Ultrasonic Irradiation Coupled with Microwave Treatment for Eco-friendly Process of Isolating Bacterial Cellulose Nanocrystals

Endarto Yudo Wardhono  1 Hadi Wahyudi  2 Sri Agustina  3 François Oudet  4 Mekro Permana Pinem  5 Danièle Clausse  6 Khashayar Saleh  7 Erwann Guénin  8
Affiliations

Ultrasonic Irradiation Coupled with Microwave Treatment for Eco-friendly Process of Isolating Bacterial Cellulose Nanocrystals

Endarto Yudo Wardhono et al.

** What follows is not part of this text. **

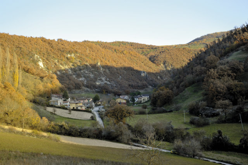 Il piccolo agglomerato di Santa Trinita sorse intorno ad una cella monastica dipendente dall`abbazia di San Lorenzo di Fano, i cui monaci assistevano anche i fedeli di Acuti, Serviglio e Colle Santo Stefano.
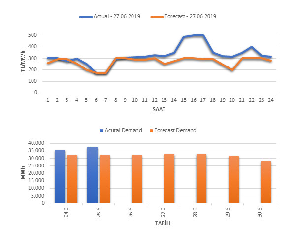 Tahminleme Modeli* analizi sonucu ortalama piyasa takas fiyatı 269.48 TL/MWh ve ortalama tüketim 32,865 MWh olarak öngörülmektedir. Modelin piyasa takas fiyatına dair başarı oranı günlük % 74, tüketime dair başarı oranı** ise günlük % 86 olarak hesaplanırken, bugüne kadar yapılan piyasa takas fiyatına dair analizlere göre başarı oranı % 91, tüketime dair başarı oranı ise % 95 olarak hesaplanmaktadır. Saatlik yarın için oluşan ve tahmin edilen piyasa takas fiyatları ile haftalık bazda tahmin edilen ve gerçekleştikçe yer alacak günlük ortalama tüketim değerleri aşağıdaki grafiklerde yer almaktadır.

Nanomaterials (Basel). .

Abstract

The isolation of crystalline regions from fibers cellulose via the hydrolysis route generally requires corrosive chemicals, high-energy demands, and long reaction times, resulting in high economic costs and environmental impact. From this basis, this work seeks to develop environment-friendly processes for the production of Bacterial Cellulose Nanocrystals (BC-NC). To overcome the aforementioned issues, this study proposes a fast, highly-efficient and eco-friendly method for the isolation of cellulose nanocrystals from Bacterial Cellulose, BC. A two-step processes is considered: (1) partial depolymerization of Bacterial Cellulose (DP-BC) under ultrasonic conditions; (2) extraction of crystalline regions (BC-NC) by treatment with diluted HCl catalyzed by metal chlorides (MnCl₂ and FeCl₃.6H₂O) under microwave irradiation. The effect of ultrasonic time and reactant and catalyst concentrations on the index crystallinity (CrI), chemical structure, thermal properties, and surface morphology of DP-BC and BC-NC were evaluated. The results indicated that the ultrasonic treatment induced depolymerization of BC characterized by an increase of the CrI. The microwave assisted by MnCl₂-catalyzed mild acid hydrolysis enhanced the removal of the amorphous regions, yielding BC-NC. A chemical structure analysis demonstrated that the chemical structures of DP-BC and BC-NC remained unchanged after the ultrasonic treatment and MnCl₂-catalyzed acid hydrolysis process.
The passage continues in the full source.